In particular, they channel rural women into gender-specific job niches with limited opportunities for occupational mobility, where their cheap and expendable labor accumulates capital for the developmental state.
King and Skeldon (2010)
The distinctions between internal/international migration is becoming increasingly blurred. Migrants’ journeys are becoming increasingly multiple, complex and fragmented.
Zelinsky [model] argues that there are definite patterned regularities in the growth of personal mobility and these compromise and essential component of the modernisation process. BUT the weaknesses include: the assumption of an immobile pre-modern society, the implied parallel between mobility transition and demographic transition, rooting mobility in modernisation theory.
The relationship between migration and development has become known as the migration-development nexus. International migration is now widely viewed as having the potential to contribute to development and poverty alleviation.
But there is an overlook on the impact that internal migration has (the author argues that this is quantitatively more important). Part of this is the tendency of governments in poorer countries to view internal migration negatively.
China is one of the few governments to recognise the positive relationship between development and internal migration: reducing pressure on rural land and providing labour for manufacturing and services.
Zhang (2001)
A transition from a centrally planned economy to a mixed market-based economy is dramatically transforming Chinese society. Over 100 million rural transients (known in China as the ‘floating population’) have left their rural villages and moved to the city for jobs. The presence of this large mobile population has initiated a very different relationship between the state’s control and local communities.

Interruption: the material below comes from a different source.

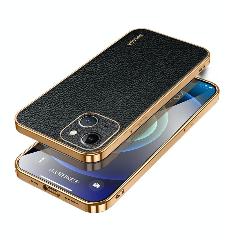 For iPhone 15 Plus SULADA TPU + Litchi Texture Leather Phone Case(Black) (SULADA)
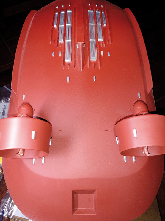 Die beiden Löschmonitore sind mit Hilfe der optionalen Wasserpumpe 7003/90 funktionsfähig und liegen dem Bausatz bei, ebenso die benötigten Kupplungen und Anschlüsse für die Schlauchführungen. Das Spantgerüst im Rumpf sieht den Einbau der Wasserpumpe bereits vor und die ausführlich gestaltete Bauanleitung zeigt genau deren Einbau und Anschluß.

Despite the fact that rural migrants fill gaps in labour in urban centres, they are often considered to be draining the already scarce public resources and are often blamed for increased crime and social instability. They appear to be out of place in the urban; but they DO challenge the state’s control that is based on the assumption of a relatively stable population that is fixed in space.
Example: Zhejiang Village
The largest and most well-established migrant settlement in Beijing. In 1995, the government mobilised a campaign to clean up the village. The ultimate goal was to eliminate what was perceived as a spatialized form of social power outside of the state’s control. 40,000 migrants lost their homes and were forced out of the settlement. BUT, three months after this political hurricane had dwindled, the majority of displaced migrants began to return to what had been Zhejiangcun to rebuild their community and businesses. The migrants re-built their home in two ways: by disguising the building as a legitimate state business or to turn the space into migrant residences (e.g. factories).

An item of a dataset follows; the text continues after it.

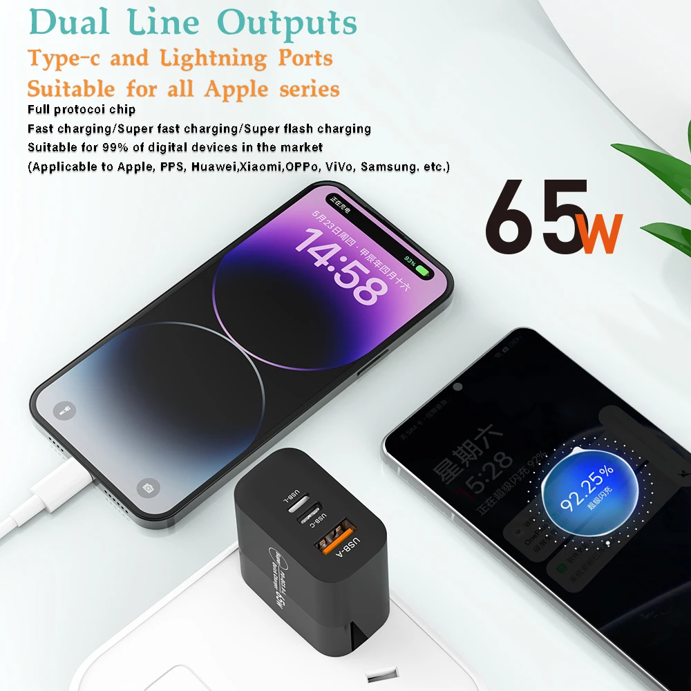 Cargador USB de alta potencia PD 65W, adaptador de cargador Convertible súper rápido para iPhone 15, 14, 13, 12 Pro, Huawei, Xiaomi, Samsung, Pixel oppo

Managing the floating population and migrant enclaves has long been regarded by certain government officials as the most difficult task facing the post-Mao political regime.

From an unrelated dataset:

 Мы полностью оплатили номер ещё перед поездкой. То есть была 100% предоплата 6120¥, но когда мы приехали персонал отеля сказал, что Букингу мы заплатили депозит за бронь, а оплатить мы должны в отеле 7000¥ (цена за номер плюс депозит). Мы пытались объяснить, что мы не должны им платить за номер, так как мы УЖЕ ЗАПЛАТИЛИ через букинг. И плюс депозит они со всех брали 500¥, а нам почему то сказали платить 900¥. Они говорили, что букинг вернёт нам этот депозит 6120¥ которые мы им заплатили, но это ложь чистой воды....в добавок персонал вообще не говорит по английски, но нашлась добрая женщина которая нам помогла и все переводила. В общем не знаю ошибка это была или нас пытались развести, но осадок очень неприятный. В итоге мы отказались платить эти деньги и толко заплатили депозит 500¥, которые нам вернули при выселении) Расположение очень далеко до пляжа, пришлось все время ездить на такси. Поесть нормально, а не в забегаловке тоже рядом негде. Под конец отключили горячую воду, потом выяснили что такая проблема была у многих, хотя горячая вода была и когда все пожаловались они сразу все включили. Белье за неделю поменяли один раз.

The tension between the floating population and the state is partly derived from the state’s refusal to grant a legitimate status to the mediating social stratum between migrant masses and the state.
Sopranzetti (2017)
Imaginaries of ‘not yet’ development fuel distinctions between rural and urban areas of Thailand: not yet modern, not yet capitalistic, not yet democratic or not yet educated. In between are the people who reproduce these narratives on an everyday basis. BUT, they also move between these two places, bringing them closer together.
These unresolved tensions reproduce an exploitative relation between Bangkok and the Thai countryside- pushing people to reorient personal, economic and political aspirations towards the city, but also limiting their full realization.
This makes migrants fully aware and concerned about the fragility of their lives and the material effects of these unresolved tensions on their families and villages.